Aim of the exercise » Every line below from the one with "Часы Shengke женские" through the one with "Delight your novelty-seeking" should be retyped exactly, both ends included; no other lines and no pictures.

[Stored records]
------------
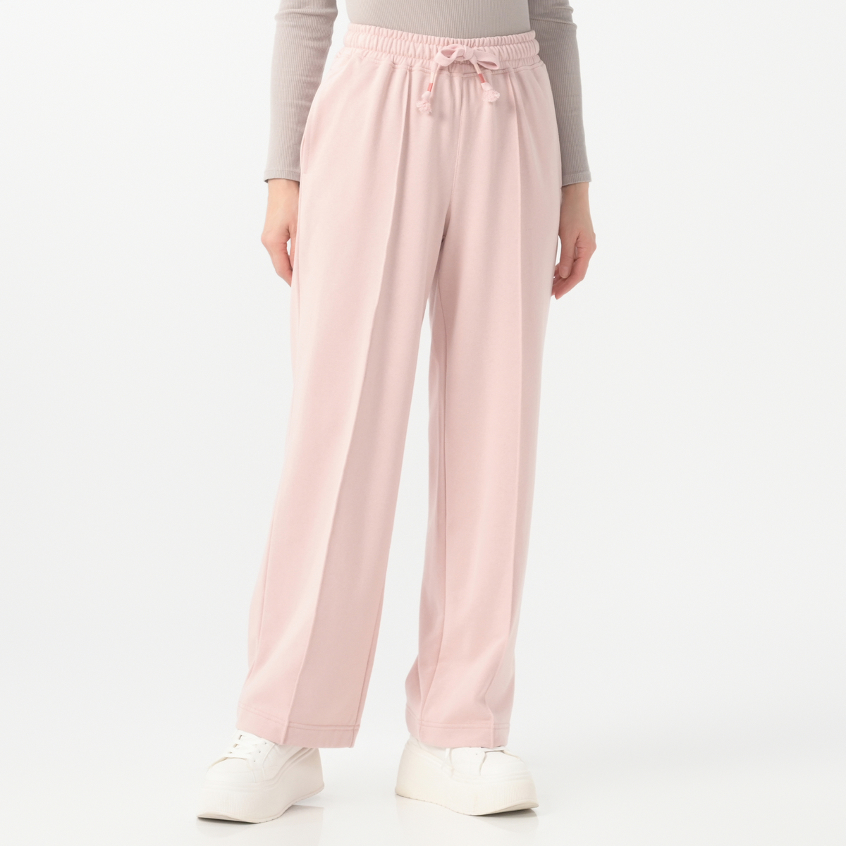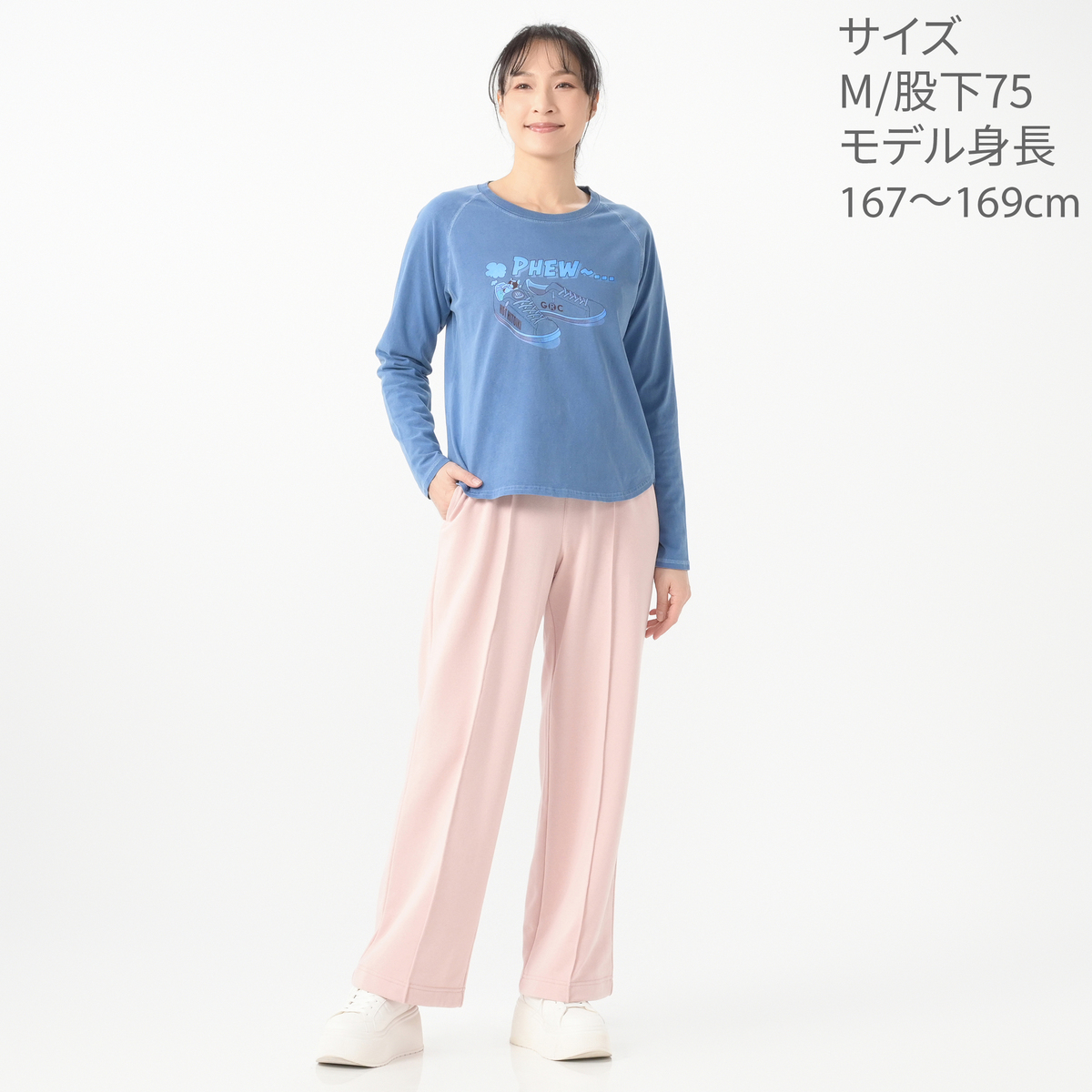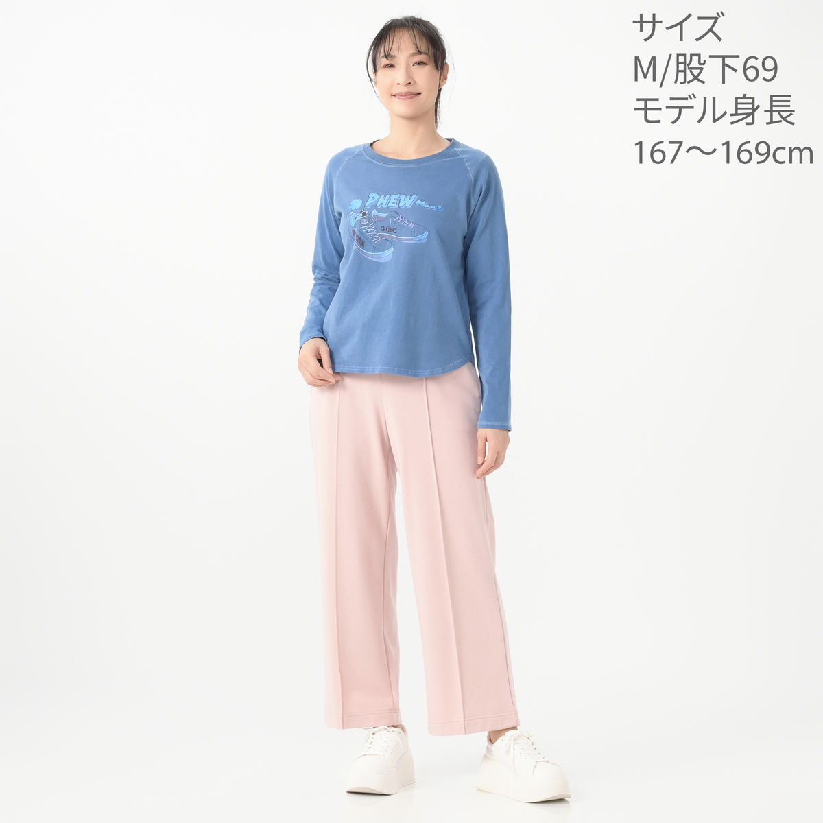 センタープレス風のピンタックデザインが脚をまっすぐに見せてくれるセミワイドパンツ。ウエストは総ゴム仕様。トップス次第で、ルームウェアでもタウンでも活躍します
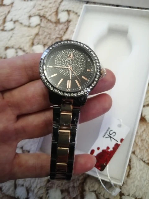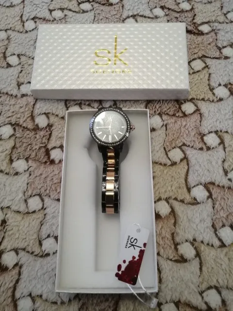 Часы Shengke женские кварцевые, брендовые Роскошные наручные, со стразами, розовое золото, 2019
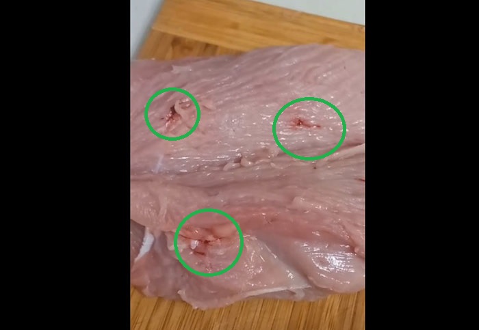"Ми купляємо харчі для підприємства, нас два рази дурять - на вагах і на наколках.." - коментує підприємиця своє відео, на якому можна побачити сліди стороннього втручання на шматку філе індички. Це - відомий злодійський прийом, коли для збільшення ваги продавці вводять у м'ясо воду, яка при заморожуванні "обтяжує" товар.
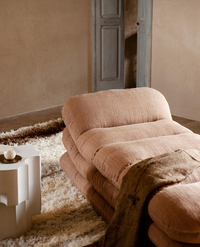 Calm and sophisticated manifesto of contemporary style, Solar sits at the heart of Toogood’s Cosmic collection. An upholstered sofa that at first glance appears as a stack of cushions. With its unmistakable blend of ingenuity and style, Faye Toogood invites relaxation upon these quilted piles. Solar merges sculptural forms and softness, offering a fresh interpretation of Tacchini’s iconic upholstery. The fabric intentionally crinkles, giving the seating a generous push. Solar boasts a relaxed aesthetic embodying the casual elegance of Faye Toogood’s studio. Its soft tactility sets it apart among Tacchini’s range of bold and captivating furniture.
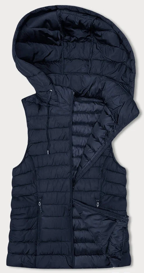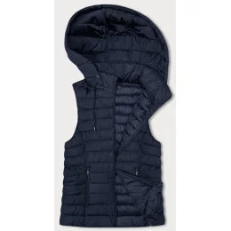 Tmavě modrá dámská prošívaná vesta s kapucí (16M9150-215)
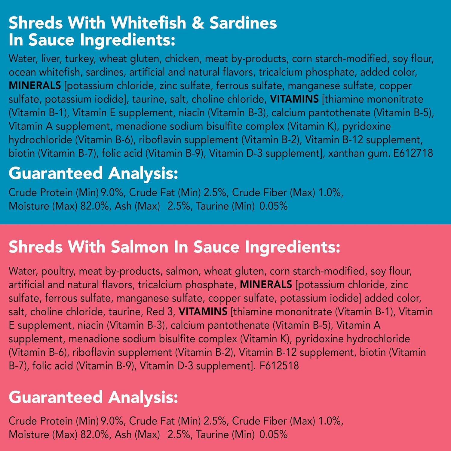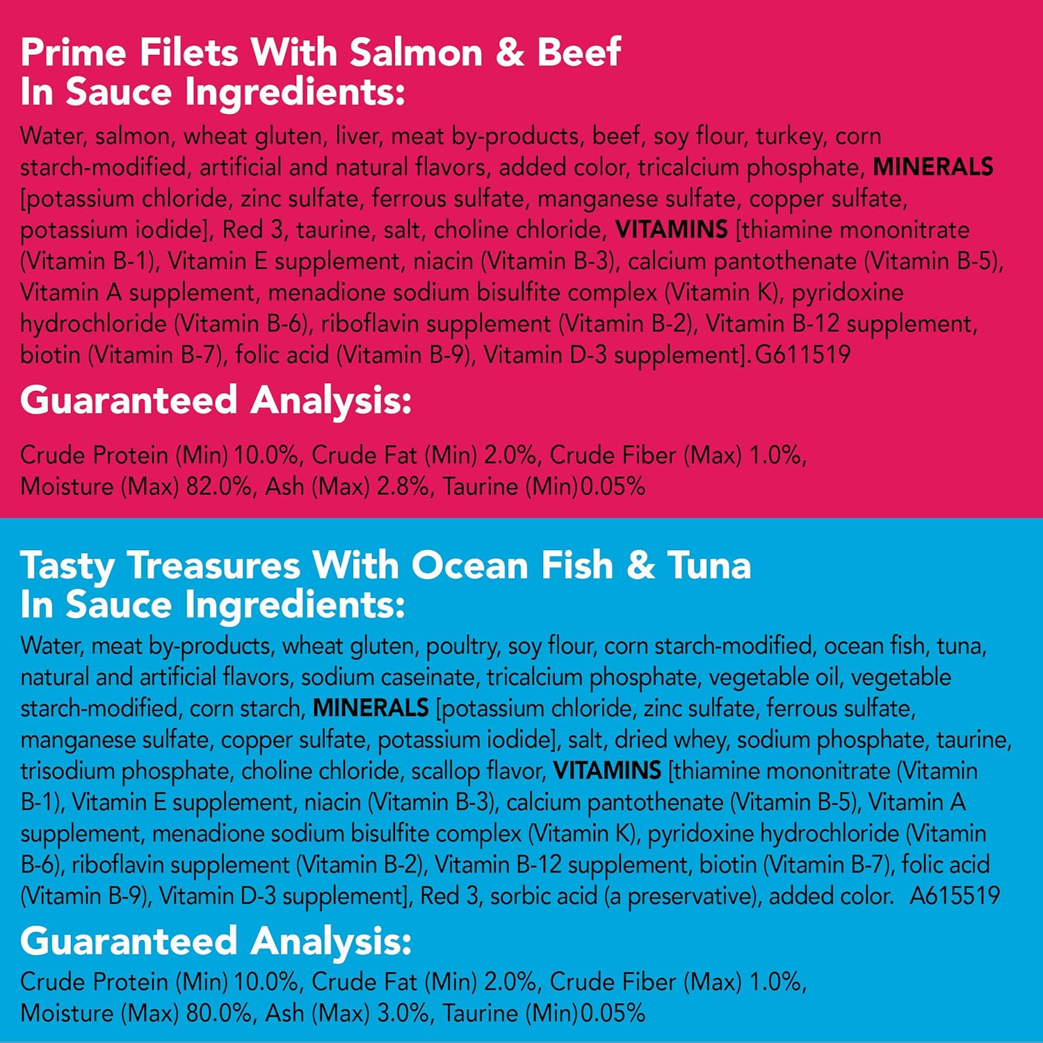 Delight your novelty-seeking feline with the four different recipes in the Purina Friskies Fish-A-Licious wet cat food variety pack. Premium select ingredients, including whitefish, sardines, salmon or tuna, appeal to her smart, sophisticated palate, and the assortment of flavors lets you keep your cat's curiosity piqued at every mealtime. These yummy recipes feature thinly shredded pieces with seafood in a thick sauce from our delicious Savory Shreds line of wet adult cat food. We also include shredded chunks with seafood cooked in savory juices from our Prime Filets line and the delectable flavor of our Tasty Treasures With Ocean Fish and Tuna and Scallop Flavor in Sauce. The essential vitamins and nutrients support her overall health and wellness, and your adult cat gets the 100 percent complete and balanced nutrition she needs to thrive in every serving. We craft our Purina Friskies wet cat food in U.S. facilities and package it in pull-tab cans for quick and easy serving.
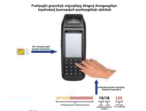 Հիշյալ տերմինալի օգտագործմամբ առանձնապես խոշոր չափերով գումարներ հափշտակելու նպատակով հանցավոր խմբի՝ ՌԴ-ում գտնվող անդամը Հայաստանի իր հանցակիցներին է ուղարկել Ավստրալիայի մի շարք քաղաքացիների անվամբ թողարկված բանկային քարտերի տվյալներ՝ 16-նիշանոց համարները, քարտերի վավերականության ժամկետները և ծածկագրերը։
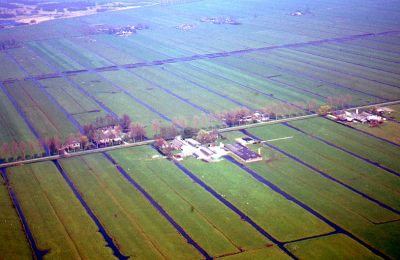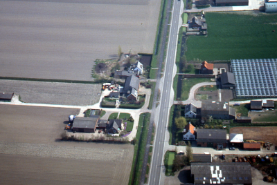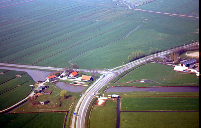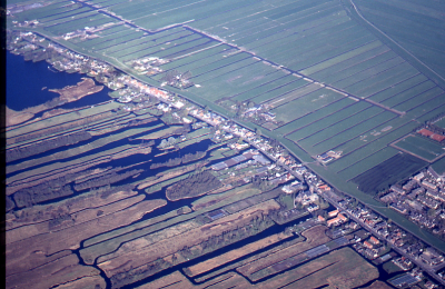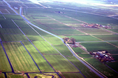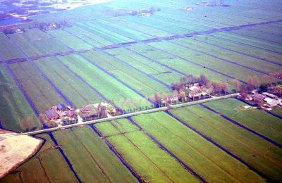 Luchtfoto van een weg met bebouwing in een kleipolder.
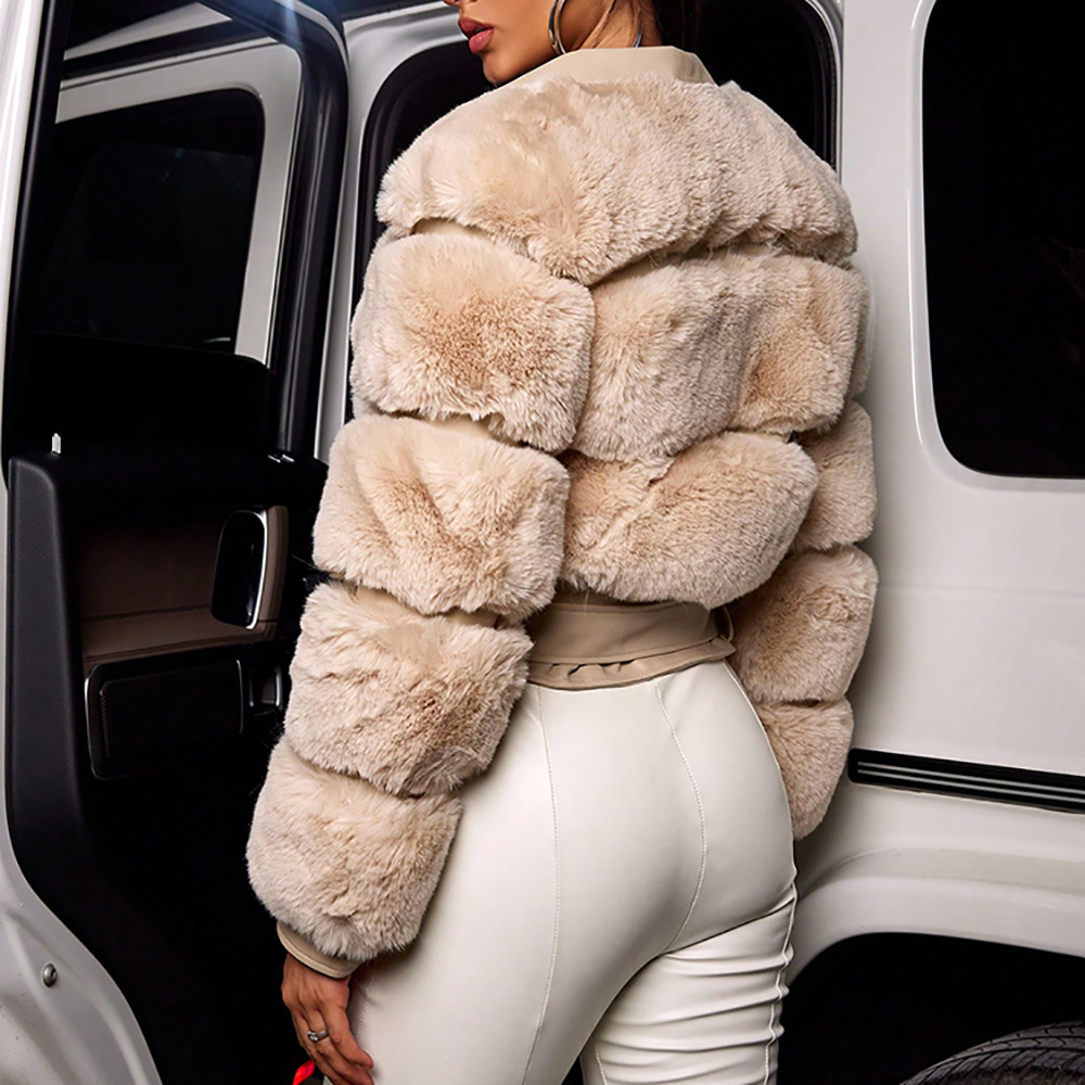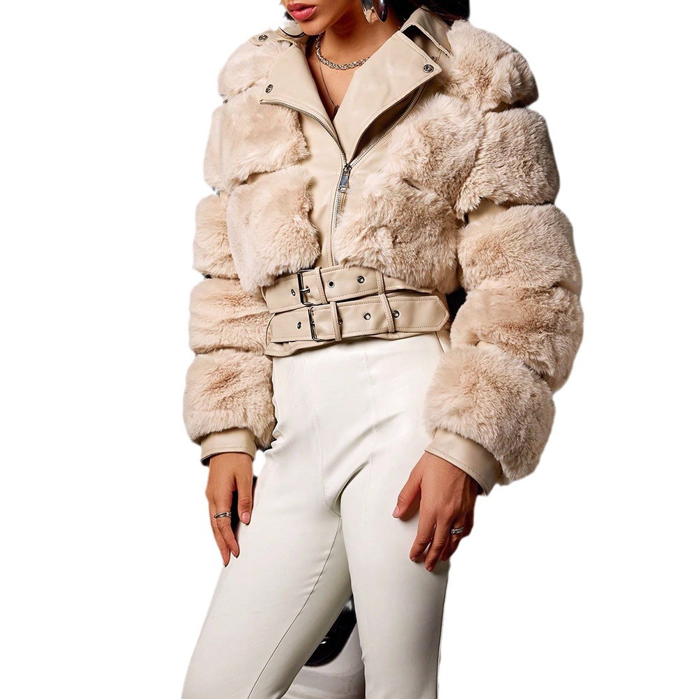 | nameOriginal | Cross-border autumn and winter Europe and the United States new women's imitation fur top stitching slim plaid PU leather short fashion coat |
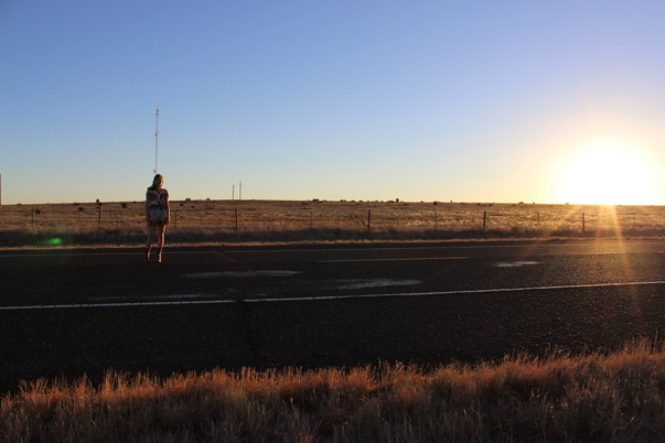 A woman in a colorful dress poses for a picture in the middle of a road, with the sun setting behind a grassy field behind her. |
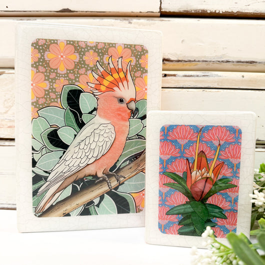 The Medi Woodblock is a combination of hand drawn & printed illustrations combined with beautiful fabrics, mixed media & resin. You can hang your Lost & Found Art Co woodblock on the wall or stand it in amongst your treasures or indoor plants for a pop of unexpected colour.
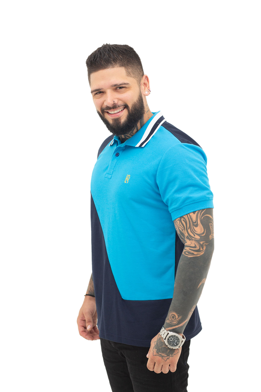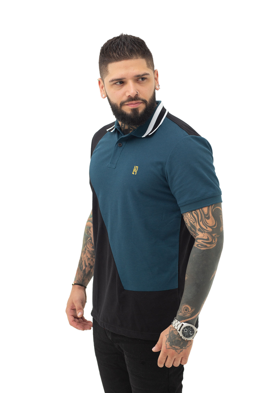 Camiseta Polo Combinada AZUL OSCURO TURQUEZA- 069C
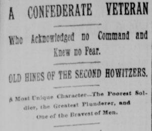 Hines’ records indicate that he became a prisoner on July 5, 1863, near Gettysburg, but the author claims it occurred “Towards the latter part of the war.” The author related that “’Old Hines’ was a great mystery to his captors.” A comrade nabbed along with Hines allegedly told the author that the old man would “not tell what company, battalion, regiment, or corps he belonged to, because he never knew.” According to the author, Hines never took the oath of allegiance, while others did “to avoid the horrors of prison.” Hines though “remained true to his colors.” As mentioned above, Hines’ service records are unclear on whether he was exchanged or not. The author ends the article by stating that, concerning Hines, “it may be said there never was a poorer soldier, a greater plunderer, or a braver man.”
------------
Solution to this task »
 Часы Shengke женские кварцевые, брендовые Роскошные наручные, со стразами, розовое золото, 2019
"Ми купляємо харчі для підприємства, нас два рази дурять - на вагах і на наколках.." - коментує підприємиця своє відео, на якому можна побачити сліди стороннього втручання на шматку філе індички. Це - відомий злодійський прийом, коли для збільшення ваги продавці вводять у м'ясо воду, яка при заморожуванні "обтяжує" товар.
 Calm and sophisticated manifesto of contemporary style, Solar sits at the heart of Toogood’s Cosmic collection. An upholstered sofa that at first glance appears as a stack of cushions. With its unmistakable blend of ingenuity and style, Faye Toogood invites relaxation upon these quilted piles. Solar merges sculptural forms and softness, offering a fresh interpretation of Tacchini’s iconic upholstery. The fabric intentionally crinkles, giving the seating a generous push. Solar boasts a relaxed aesthetic embodying the casual elegance of Faye Toogood’s studio. Its soft tactility sets it apart among Tacchini’s range of bold and captivating furniture.
 Tmavě modrá dámská prošívaná vesta s kapucí (16M9150-215)
 Delight your novelty-seeking feline with the four different recipes in the Purina Friskies Fish-A-Licious wet cat food variety pack. Premium select ingredients, including whitefish, sardines, salmon or tuna, appeal to her smart, sophisticated palate, and the assortment of flavors lets you keep your cat's curiosity piqued at every mealtime. These yummy recipes feature thinly shredded pieces with seafood in a thick sauce from our delicious Savory Shreds line of wet adult cat food. We also include shredded chunks with seafood cooked in savory juices from our Prime Filets line and the delectable flavor of our Tasty Treasures With Ocean Fish and Tuna and Scallop Flavor in Sauce. The essential vitamins and nutrients support her overall health and wellness, and your adult cat gets the 100 percent complete and balanced nutrition she needs to thrive in every serving. We craft our Purina Friskies wet cat food in U.S. facilities and package it in pull-tab cans for quick and easy serving.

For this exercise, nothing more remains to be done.